As the accident aircraft continued westward, the crew was ordered to lighten the load by jettisoning all the extra weight that they could. The ball turret gunner was able to get back into the plane and so they jettisoned the ball turret. One crew member stated that they probably jettisoned any emergency radio they may have had, because they didn't have one in the life rafts. Approximately 4 p.m. and 20 nmi west of the coast, they were firmly over the North Sea as darkness approached. They were flying on one sputtering engine, and they had approximately 80 to 90 nmi to go to make the English coast. The pilot polled his crew and a unanimous decision was made to attempt a controlled ditching with the limited remaining power, rather than pressing on and facing a forced ditching with no power, quite likely in the dark. Based on previous boating experience, the pilot ditched, but 90 degrees different than the recommended procedure—following his return to service, the ditching procedures were changed to match his successful method.

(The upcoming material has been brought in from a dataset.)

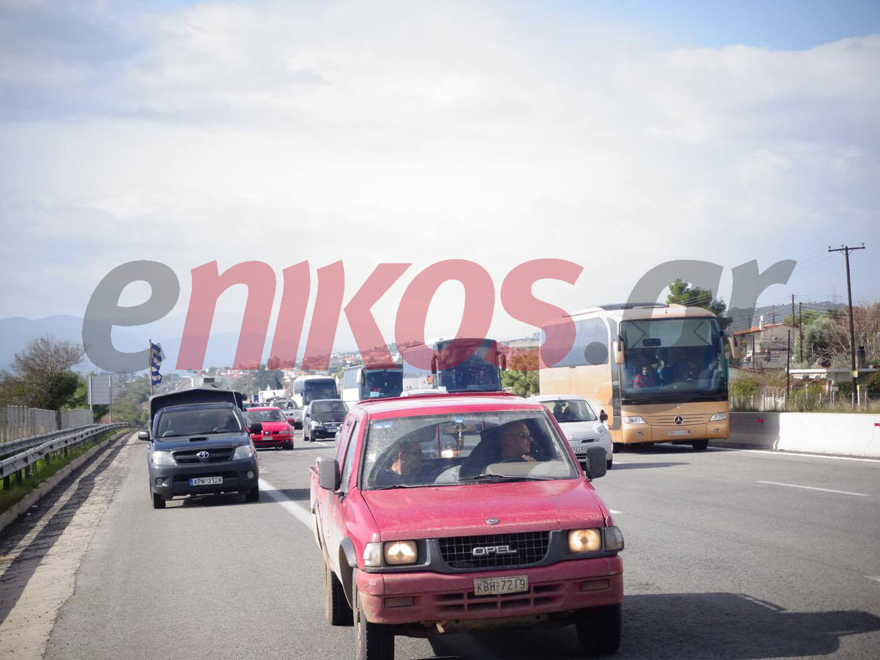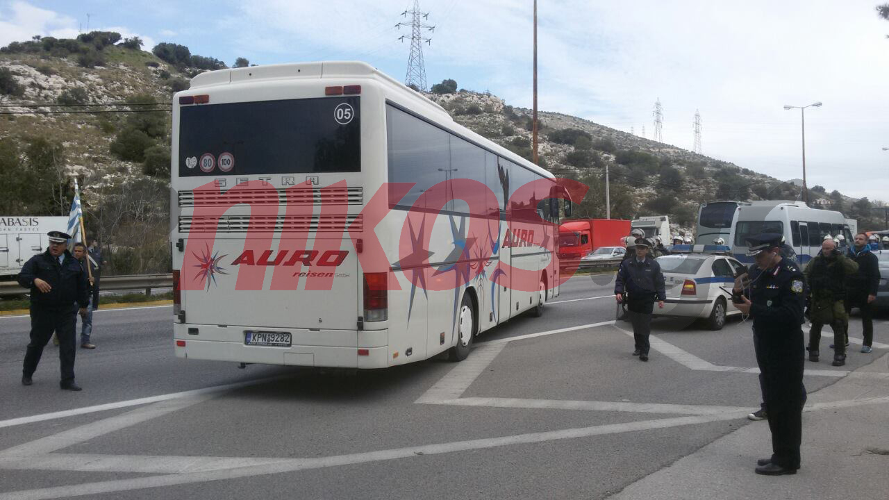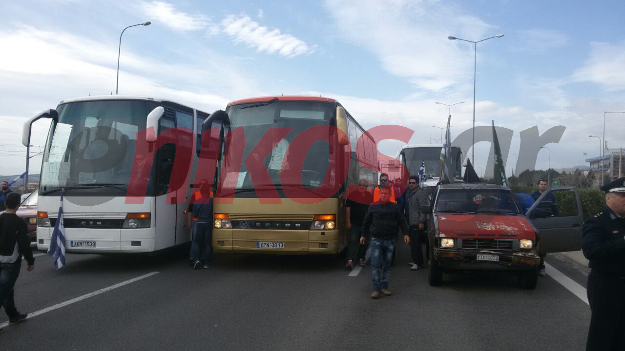 Οι αστυνομικοί απαγόρευσαν την κίνηση των αγροτικών οχημάτων και ΙΧ, ενώ επέτρεπαν τη διέλευση μόνο των λεωφορείων που μεταφέρουν τους αγρότες.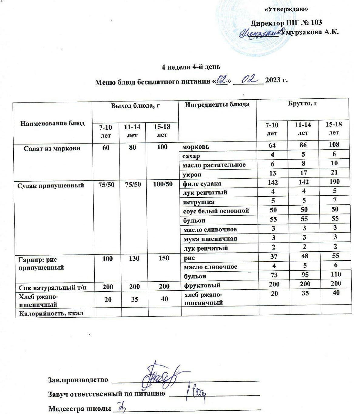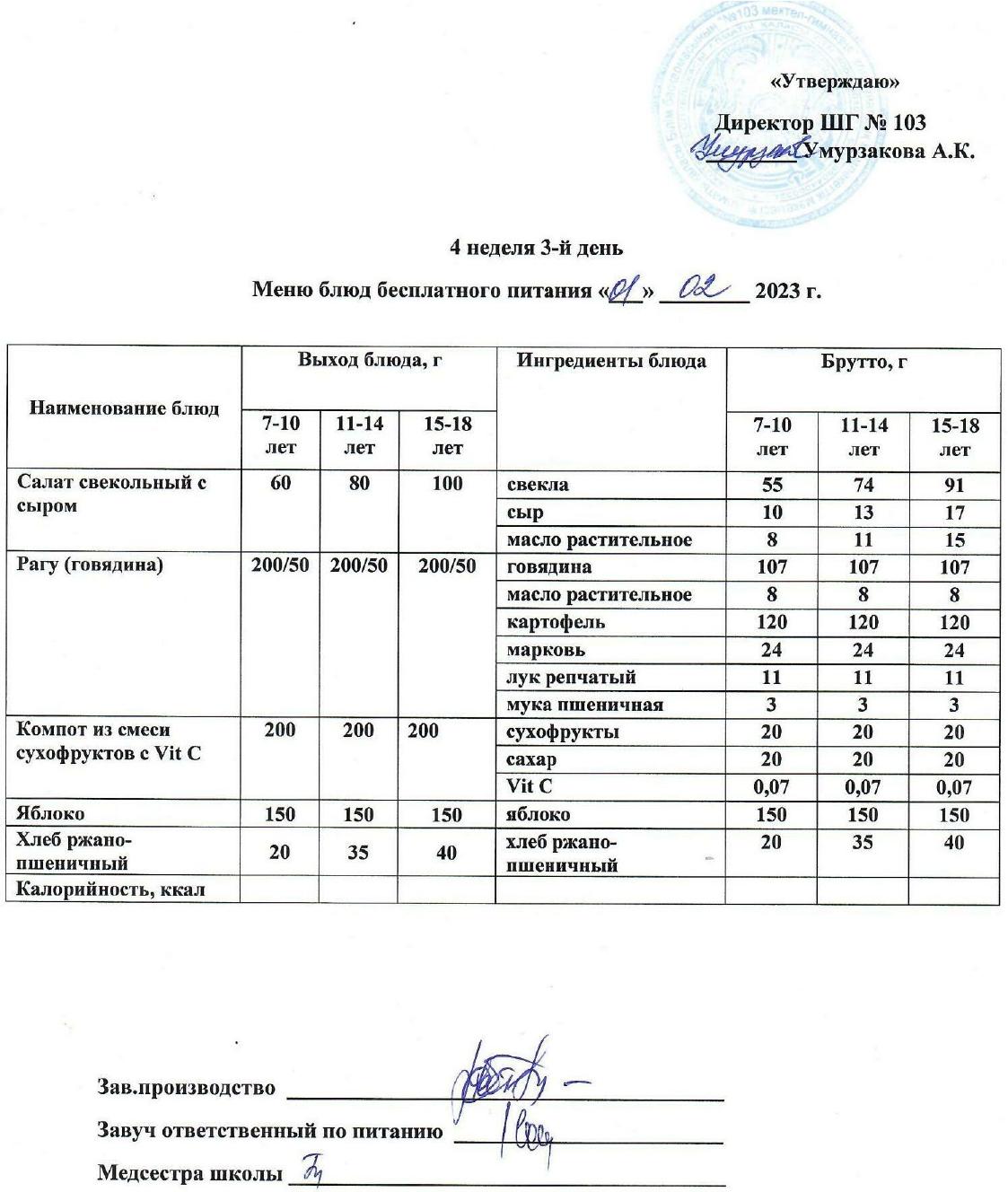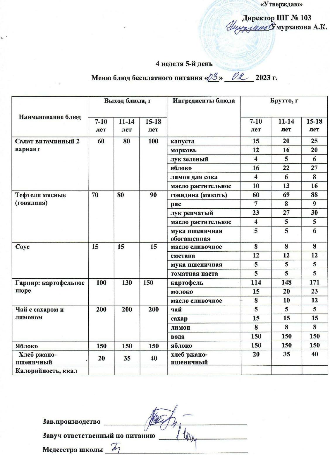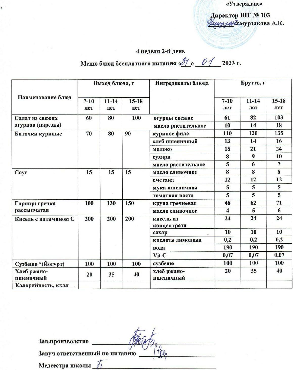 1 апталық ас мәзірі » КГУ "Школа-гимназия №103" Управления образования г.Алматы

A successful ditching was made, and the entire 10-man crew evacuated through the top hatch. They deployed their two five-man life rafts and pushed away in just in time to watch their aircraft sink in the North Sea. The crew recalls that they were cold, sore, injured, and angry. They watched formations of bombers returning to England, and a lone German aircraft came and circled their position once and could have strafed them, but didn't. It appeared to return perhaps an hour later. Struggling to keep their two rafts together in heavy 5 ft waves, they feared they would freeze or drown in the icy water at approximately 60 degrees north latitude. After darkness fell, they began launching flares every half-hour or so until a boat arrived and rescued them.

===Aftermath===
The crew were initially taken to a jail near the streetcar line. Subsequently, they were ordered onto a train and transported to the DuLag (DurchgangsLager, transfer camp), and about April 1944 the crew had arrived in Luft Stalag 17-B in Krems, Austria, where they were held as prisoners of war for just over a year until the end of the war.

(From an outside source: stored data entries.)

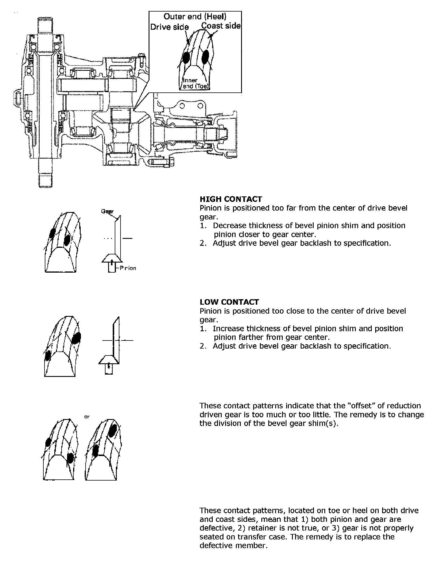 ^ If bevel gear back lash and bevel pinion shims are adjusted properly, correct tooth contact should be provided. If correct tooth contact is not provided even when they are adjusted properly, however, there may be an abnormal condition in worn tooth, transfer case or retainer. Check each component and replace as necessary.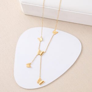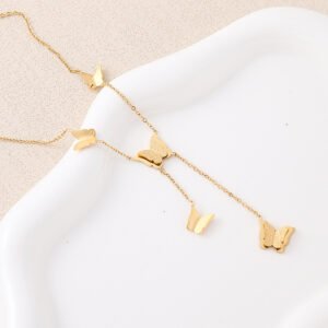 New Style Fashionable Women’s Necklace with Five Butterflies – 18K Non-Fading Matte Butterfly Versatile Collarbone Chain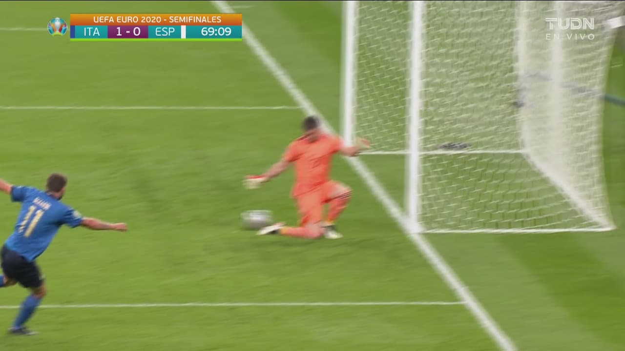 Federico hace una carrera, filtra el balón y Domenico estrella la pelota en la humanidad de Unai Simón.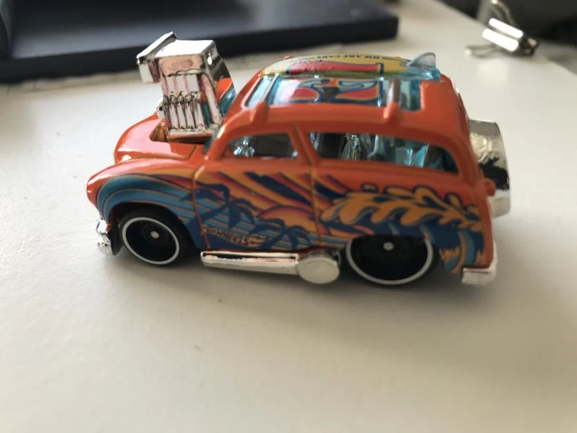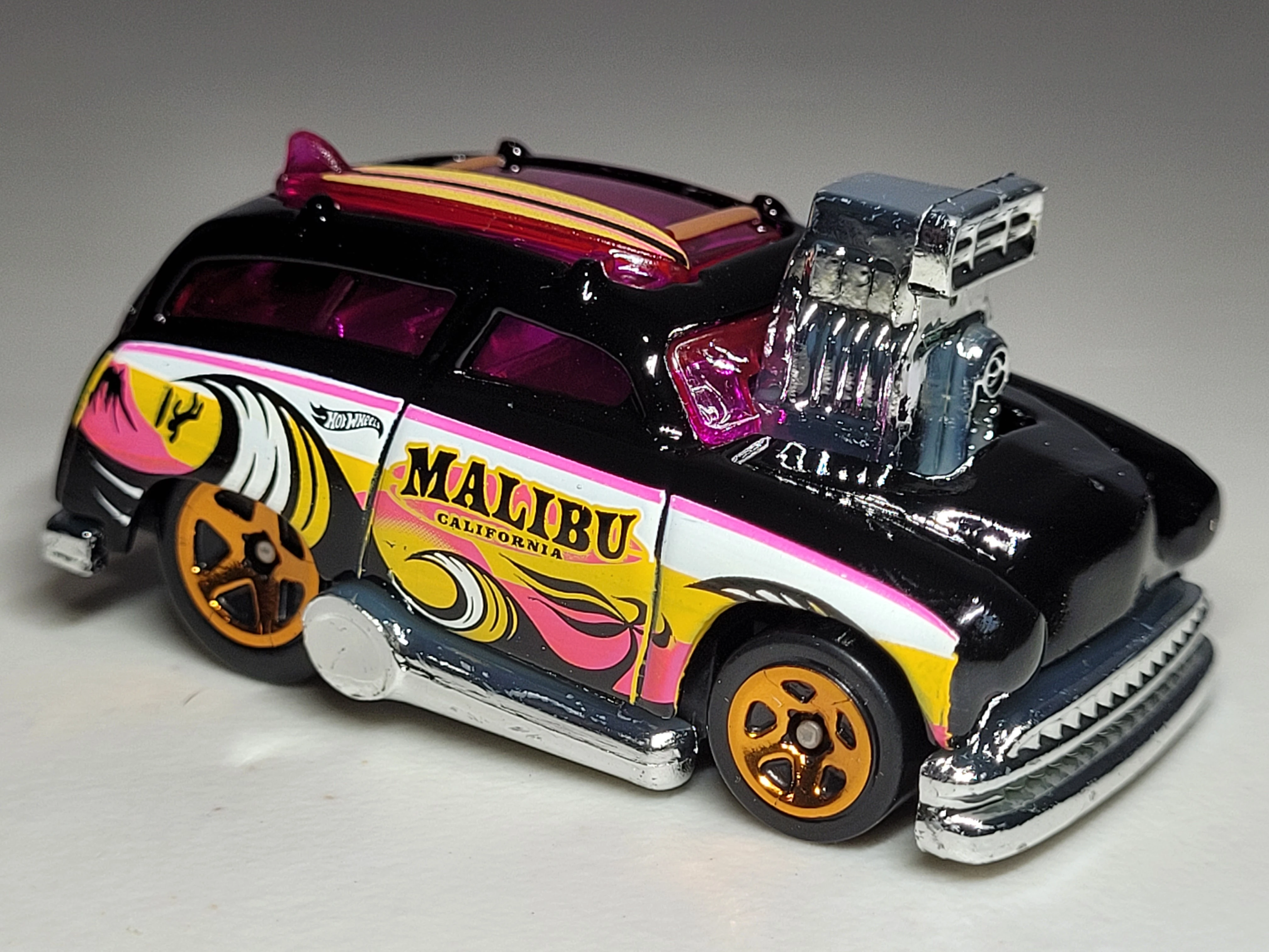 Orange | Sun, wave, HW logo on right. Wave, palm trees, sunset, and HW logo on the left. “E” and surfboard with “HW ART CARS” on roof. | Black / Plastic |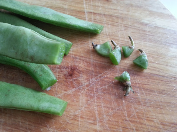 3. - Las judías las enjuagamos, les quitamos el "rabillo" y las troceamos.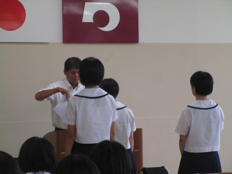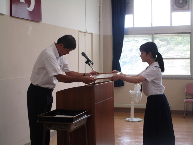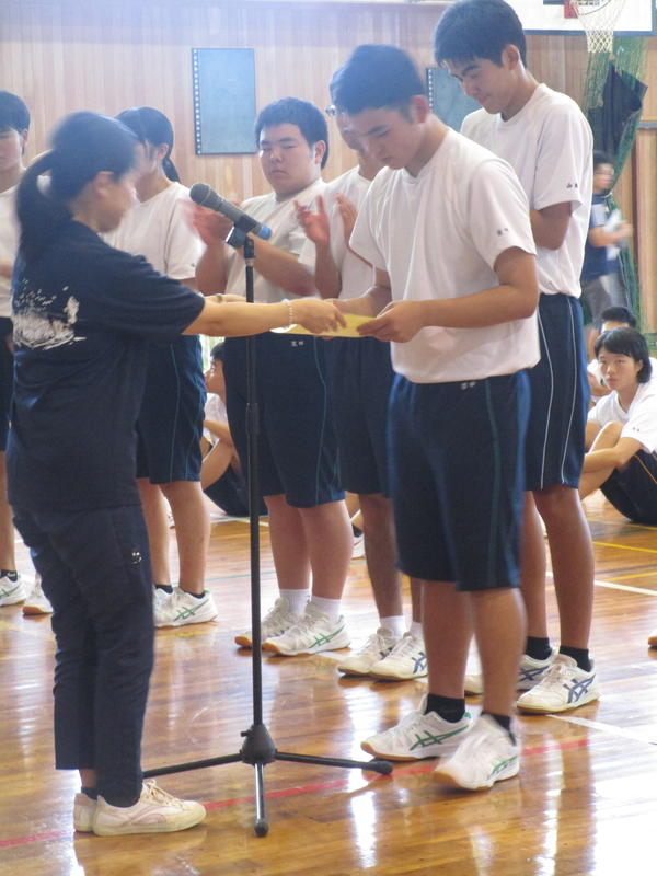 表彰式では、新体力テストや天草地区体育大会、英語技能検定、社会を明るくする運動標語コンテストなどで成績が優秀だった者たちへ表彰状を渡しました。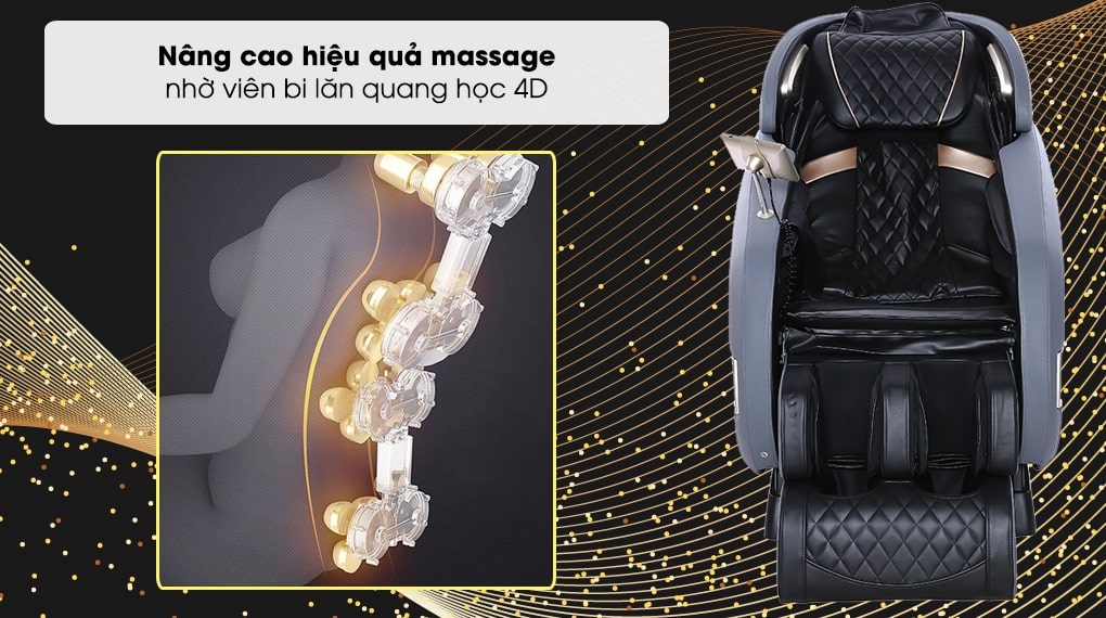 Nhờ các hệ thống con lăn, túi khí đặc biệt tác động vào cơ thể con người giúp người dùng hạn chế và cải thiện trạng thái đau mỏi cơ. Những con lăn kết hợp với chế độ cảm biến thông minh, giúp dò tìm, bấm huyệt chuẩn xác.

German records include documents for each of the 10-man crew. These documents are titled "Report On Capture of Members of Enemy Air Forces" and are shown with a "PLACE: 8th E-boat Flotilla, Haarlem". Each crew member was reported as being taken POW "At sea 28 nautical miles 300 degrees IJmuiden" on 29 March 1944 at 2125 (9:25 p.m.). IJmuiden is a coastal city where the Germans had hardened concrete E-boat pens for their Schnellboot (fast boats). Larger than an American PT boat, these boats probably were based from IJmuiden and the specific reference of time, distance and direction—28 nmi 300 degrees west-northwest from IJmuiden at 2125 hours—provides a very specific location.

There is a table that estimates the drift rate for a five-man raft under those wind and wave conditions, which provides a reasonably accurate estimate for the location of the ditching around 4 p.m., followed by 5 hours and 25 minutes drifting in the rafts. The North Sea is approximately 80 ft deep at the estimated ditching site.

The June 1944 issue of Popular Science featured the article of the successful restoration of Sir Baboon McGoon from its October 1943 belly landing. By the time the article appeared in print, the aircraft had been on the bottom of the North Sea for at least two months.